* [Work task]: In the material below, the lines between the one holding "自從搬咗去新界之後就好少過嚟" and the one holding "Je suis un insomniaque", inclusive, are to be set down word for word. Pictures stay out.

---------- Supplied data

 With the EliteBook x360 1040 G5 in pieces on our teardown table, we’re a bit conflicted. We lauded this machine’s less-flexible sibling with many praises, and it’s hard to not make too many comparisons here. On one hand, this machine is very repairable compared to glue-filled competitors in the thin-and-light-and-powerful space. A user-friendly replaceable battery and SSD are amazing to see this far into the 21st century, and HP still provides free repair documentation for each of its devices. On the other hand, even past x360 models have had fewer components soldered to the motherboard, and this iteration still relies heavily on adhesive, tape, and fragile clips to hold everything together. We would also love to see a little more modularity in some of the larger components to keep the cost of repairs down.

--------------------
---------- Supplied data

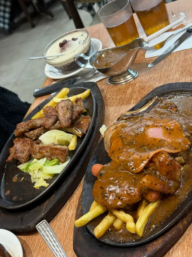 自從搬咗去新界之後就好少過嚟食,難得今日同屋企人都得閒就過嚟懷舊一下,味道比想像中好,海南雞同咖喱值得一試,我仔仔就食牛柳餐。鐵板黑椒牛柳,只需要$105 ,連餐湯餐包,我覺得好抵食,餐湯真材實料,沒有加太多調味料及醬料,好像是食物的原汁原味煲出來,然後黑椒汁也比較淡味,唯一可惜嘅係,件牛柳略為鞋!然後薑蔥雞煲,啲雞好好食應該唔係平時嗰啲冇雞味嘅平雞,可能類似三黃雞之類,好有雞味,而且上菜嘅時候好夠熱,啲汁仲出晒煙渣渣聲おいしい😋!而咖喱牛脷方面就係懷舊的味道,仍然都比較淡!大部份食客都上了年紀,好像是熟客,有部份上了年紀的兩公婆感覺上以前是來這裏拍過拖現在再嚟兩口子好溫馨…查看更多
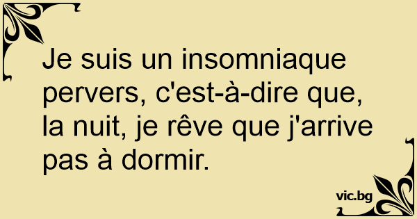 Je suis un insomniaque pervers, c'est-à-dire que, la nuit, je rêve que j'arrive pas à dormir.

--------------------
---------- Supplied data

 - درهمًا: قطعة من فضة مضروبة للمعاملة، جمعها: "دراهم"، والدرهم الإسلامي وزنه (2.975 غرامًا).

--------------------

* [Your response]:
 自從搬咗去新界之後就好少過嚟食,難得今日同屋企人都得閒就過嚟懷舊一下,味道比想像中好,海南雞同咖喱值得一試,我仔仔就食牛柳餐。鐵板黑椒牛柳,只需要$105 ,連餐湯餐包,我覺得好抵食,餐湯真材實料,沒有加太多調味料及醬料,好像是食物的原汁原味煲出來,然後黑椒汁也比較淡味,唯一可惜嘅係,件牛柳略為鞋!然後薑蔥雞煲,啲雞好好食應該唔係平時嗰啲冇雞味嘅平雞,可能類似三黃雞之類,好有雞味,而且上菜嘅時候好夠熱,啲汁仲出晒煙渣渣聲おいしい😋!而咖喱牛脷方面就係懷舊的味道,仍然都比較淡!大部份食客都上了年紀,好像是熟客,有部份上了年紀的兩公婆感覺上以前是來這裏拍過拖現在再嚟兩口子好溫馨…查看更多
 Je suis un insomniaque pervers, c'est-à-dire que, la nuit, je rêve que j'arrive pas à dormir.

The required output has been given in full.